What is the make and model number of your AC unit? Not all condensers provide the heat pump option. If you are in heating mode and your gas furnace is firing then you aren’t in the heat pump heating mode even if you do have that option so it wouldn’t have much effect. If you are getting heat but the gas isn’t actually operating then you might be using the Heat Pump to provide heat and depending on your outside temperature right now it may be having problems because of its operating conditions. That would require a different solution, not worth getting into right now until we determine if you have a heat pump. 

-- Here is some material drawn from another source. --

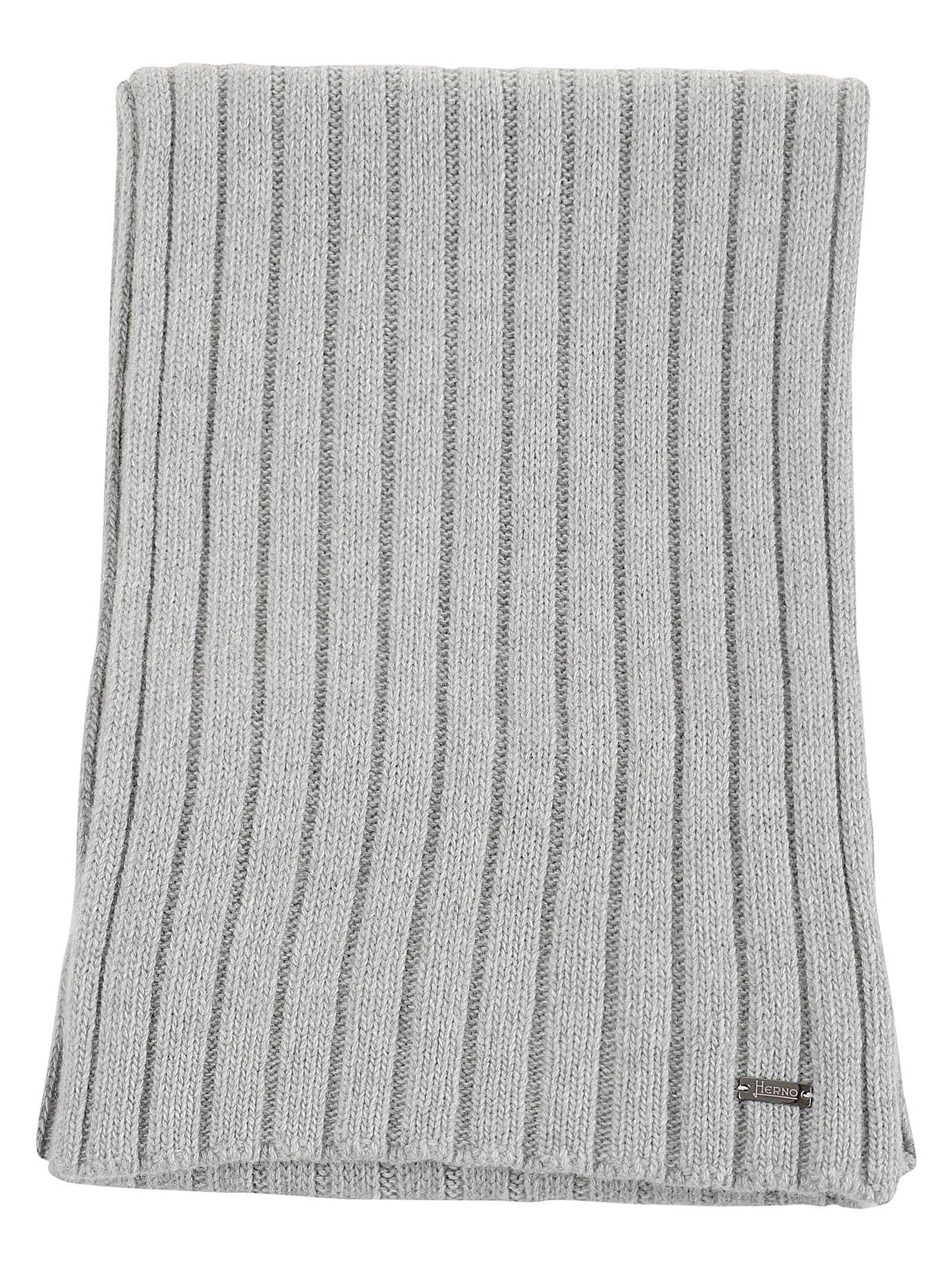 Stay warm and stylish with this luxurious grey wool scarf from Herno. Expertly crafted with ribbed details and featuring the iconic Herno logo in metal, this scarf is the perfect accessory to elevate your winter wardrobe. Made from 100% wool, this scarf is not only cozy but also incredibly soft to the touch. Add a touch of sophistication to any outfit with the HERNO SCP0002UR.70219 scarf.

When you put it in heating mode does the compressor outside operate? If it does then you can feel the copper pipes that connect the compressor to the indoor units coil and see if they are hot. If they are then you are running in heat pump mode. If you put it in heat mode and the gas heat fires up immediately then you are not using the heat pump if you have it.


----------



## ilyaz (Jan 23, 2019)

I dug up the receipts from the original install in 2010 and, in case it helps, from the additional job we did in 2012 adding more registers. The extra registers was for the living and dining room areas that are colder than most of the rest of the house. The 3 dampers were installed near the furnace and have two positions (summer/winter) that are all in winter now. But they are quite difficult to flip and so I am not 100% sure if they are not stuck somewhere in between and of course i can't check that since they are inside the ducts.

The outside unit does not run in winter, only in summer when the AC is on.

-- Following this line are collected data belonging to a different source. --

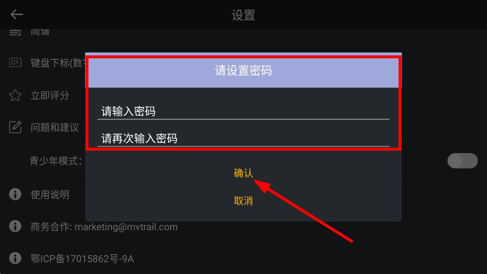 4、彈出密碼設(shè)置窗口后,輸入并再次確認設(shè)置密碼,點擊確認,即可成功開啟青少年模式。
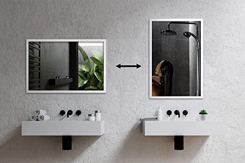 Tulup Specchio Bagno Glass Wall Industriale Temperato 70x50 cm Moderno Grand Cornice Bianca Soggiorno
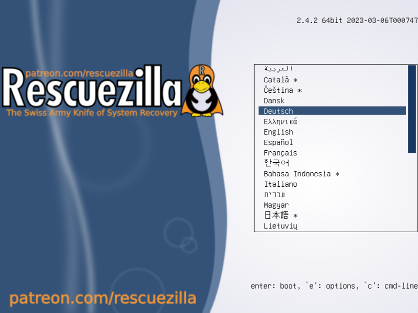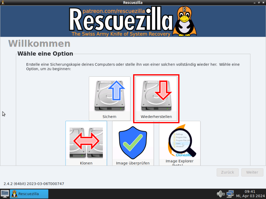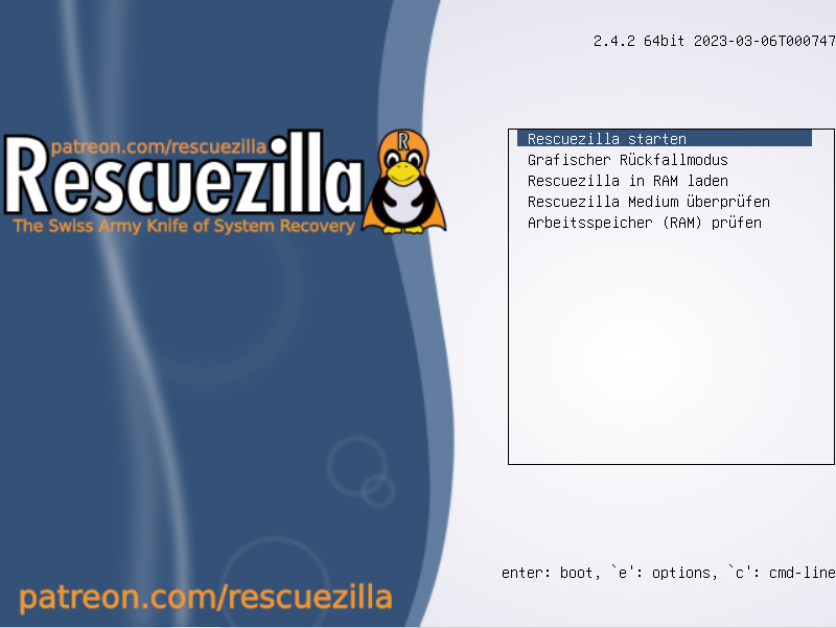 "Rescuezilla starten" auswählen
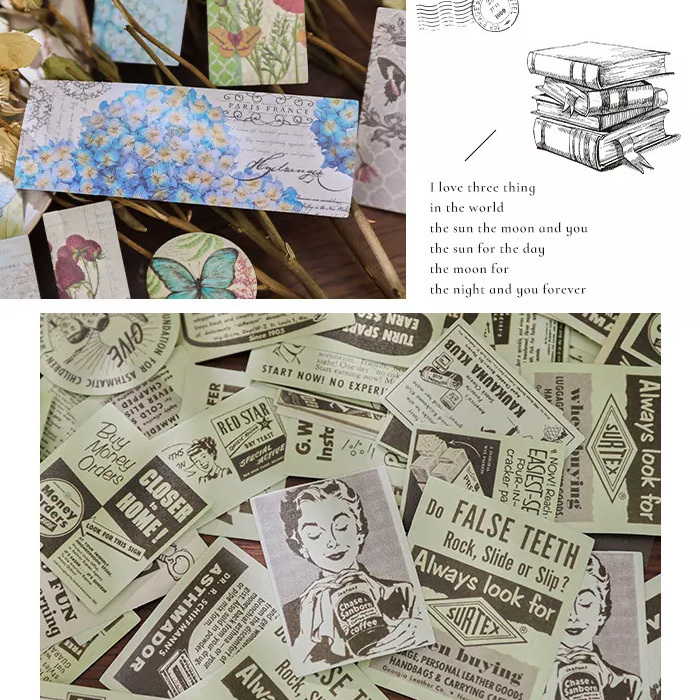 100枚 シール アメリカン おしゃれ アンティーク ビンテージ デコステッカー アンティーク調 コラージュ レトロ 1070-4
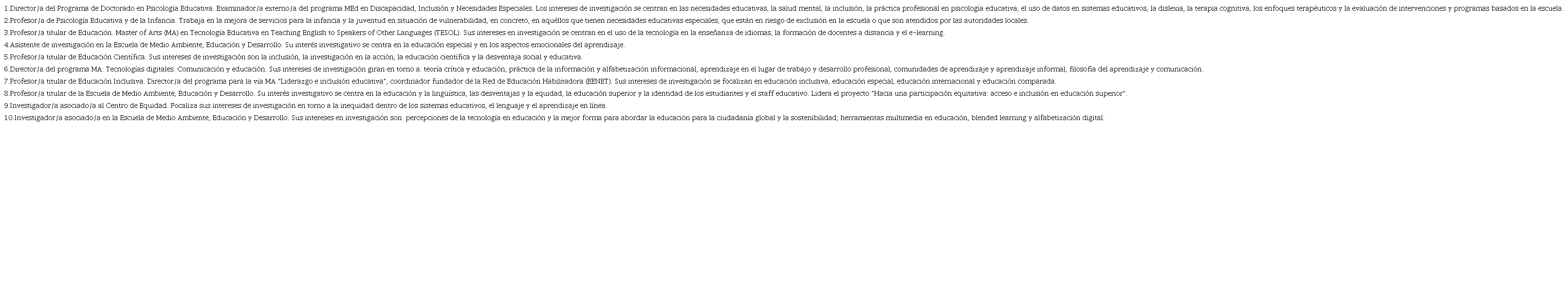 La muestra de este estudio incluye a 10 expertos y expertas de la Universidad de Manchester, seleccionados por su variada y reconocida experiencia a nivel internacional sobre la educación inclusiva, el e-learning y la educación superior. El tamaño de la muestra se considera óptimo para obtener suficiente información de alta calidad y experiencia diversa, controlando los desafíos logísticos del estudio. El objetivo se focaliza en abordar diferentes perspectivas que se resumen en el Cuadro 1.

What additional info would I need to determine if this set up is enough to heat my house?


----------



## pjones (Feb 21, 2019)

ilyaz said:


> I dug up the receipts from the original install in 2010 and, in case it helps, from the additional job we did in 2012 adding more registers. The extra registers was for the living and dining room areas that are colder than most of the rest of the house. The 3 dampers were installed near the furnace and have two positions (summer/winter) that are all in winter now. But they are quite difficult to flip and so I am not 100% sure if they are not stuck somewhere in between and of course i can't check that since they are inside the ducts.
> 
> The outside unit does not run in winter, only in summer when the AC is on.
> 
> ...



You would need to know heat loss and heat load calculations for each room, duct sized supplied to each room and main duct sizes, and return sizes from all locations, 

Have you had any success with replacing the filter and it’s a lower efficiency type?

Have you had to try balancing the supply air grills around they thermostat yet?


----------



## sadavis80 (Feb 21, 2019)

Try setting your fan to ON if it's in AUTO now. Constant movement of the air should improve your warm/cold area immensely. 
Steve


----------